__Exercise details__.
Where an entry below contains an image, skip the image and copy the rest exactly.

__Exercise material__.
----------

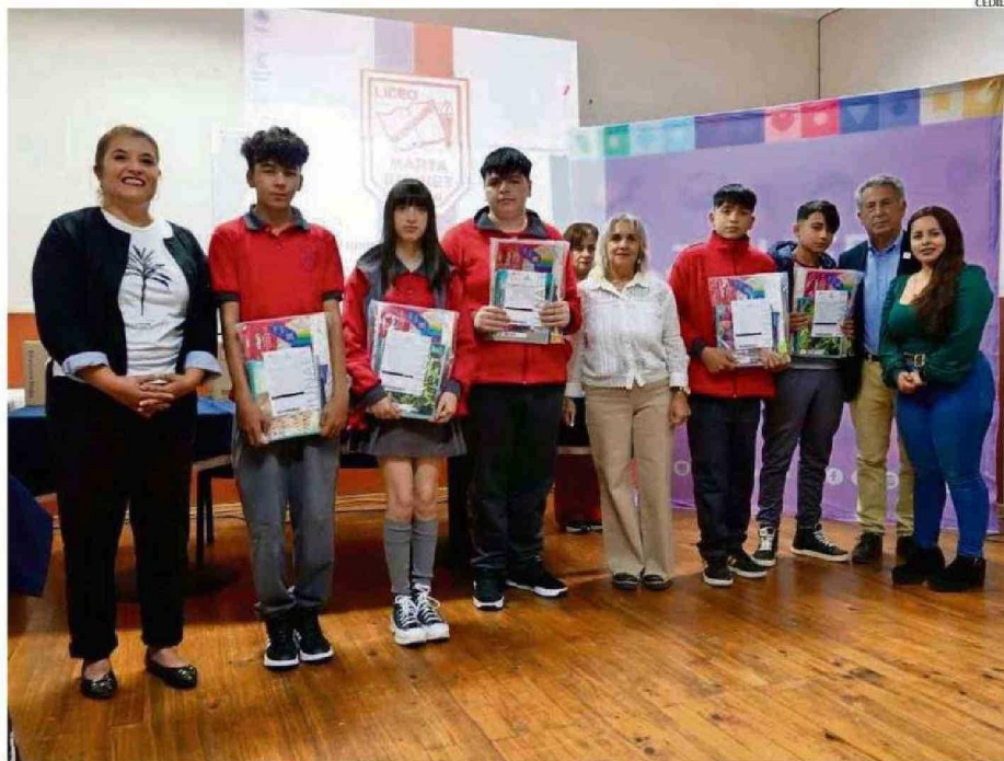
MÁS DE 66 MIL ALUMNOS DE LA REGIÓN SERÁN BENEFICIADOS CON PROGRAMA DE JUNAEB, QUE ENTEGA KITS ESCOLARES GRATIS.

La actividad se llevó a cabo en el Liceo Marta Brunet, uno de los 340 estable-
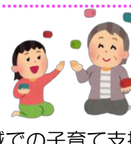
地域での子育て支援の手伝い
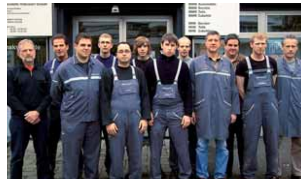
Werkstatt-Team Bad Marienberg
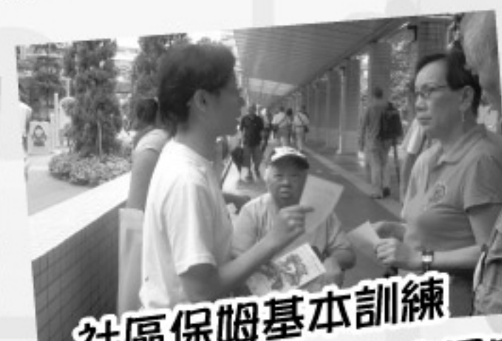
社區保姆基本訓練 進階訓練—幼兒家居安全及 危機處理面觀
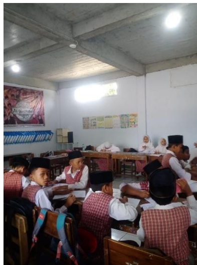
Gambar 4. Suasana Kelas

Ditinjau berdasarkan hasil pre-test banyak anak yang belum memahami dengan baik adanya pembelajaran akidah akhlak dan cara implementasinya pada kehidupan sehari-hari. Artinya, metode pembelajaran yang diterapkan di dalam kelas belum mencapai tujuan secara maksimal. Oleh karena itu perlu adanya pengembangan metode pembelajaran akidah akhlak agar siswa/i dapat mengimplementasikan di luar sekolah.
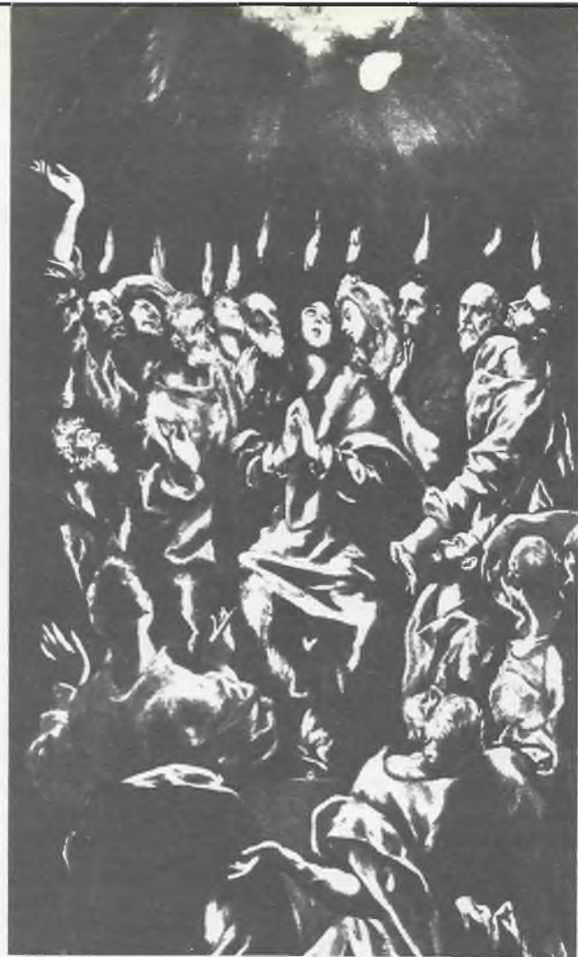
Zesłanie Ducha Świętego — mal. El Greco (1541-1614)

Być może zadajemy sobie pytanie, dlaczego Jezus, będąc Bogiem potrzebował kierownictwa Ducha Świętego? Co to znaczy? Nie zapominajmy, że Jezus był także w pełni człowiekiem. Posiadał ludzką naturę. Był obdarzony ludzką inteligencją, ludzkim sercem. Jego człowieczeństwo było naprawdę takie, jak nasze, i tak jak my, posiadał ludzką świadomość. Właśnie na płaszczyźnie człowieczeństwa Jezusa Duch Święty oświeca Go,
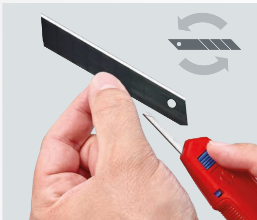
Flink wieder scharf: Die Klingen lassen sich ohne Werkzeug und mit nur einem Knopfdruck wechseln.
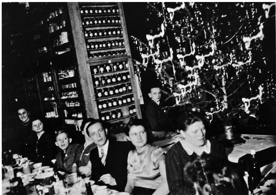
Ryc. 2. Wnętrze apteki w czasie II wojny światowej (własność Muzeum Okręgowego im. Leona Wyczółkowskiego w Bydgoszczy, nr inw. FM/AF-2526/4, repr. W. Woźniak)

----------

__Answer section__.
MÁS DE 66 MIL ALUMNOS DE LA REGIÓN SERÁN BENEFICIADOS CON PROGRAMA DE JUNAEB, QUE ENTEGA KITS ESCOLARES GRATIS.

La actividad se llevó a cabo en el Liceo Marta Brunet, uno de los 340 estable-
地域での子育て支援の手伝い
Werkstatt-Team Bad Marienberg
社區保姆基本訓練 進階訓練—幼兒家居安全及 危機處理面觀
Gambar 4. Suasana Kelas

Ditinjau berdasarkan hasil pre-test banyak anak yang belum memahami dengan baik adanya pembelajaran akidah akhlak dan cara implementasinya pada kehidupan sehari-hari. Artinya, metode pembelajaran yang diterapkan di dalam kelas belum mencapai tujuan secara maksimal. Oleh karena itu perlu adanya pengembangan metode pembelajaran akidah akhlak agar siswa/i dapat mengimplementasikan di luar sekolah.
Zesłanie Ducha Świętego — mal. El Greco (1541-1614)

Być może zadajemy sobie pytanie, dlaczego Jezus, będąc Bogiem potrzebował kierownictwa Ducha Świętego? Co to znaczy? Nie zapominajmy, że Jezus był także w pełni człowiekiem. Posiadał ludzką naturę. Był obdarzony ludzką inteligencją, ludzkim sercem. Jego człowieczeństwo było naprawdę takie, jak nasze, i tak jak my, posiadał ludzką świadomość. Właśnie na płaszczyźnie człowieczeństwa Jezusa Duch Święty oświeca Go,
Flink wieder scharf: Die Klingen lassen sich ohne Werkzeug und mit nur einem Knopfdruck wechseln.
Ryc. 2. Wnętrze apteki w czasie II wojny światowej (własność Muzeum Okręgowego im. Leona Wyczółkowskiego w Bydgoszczy, nr inw. FM/AF-2526/4, repr. W. Woźniak)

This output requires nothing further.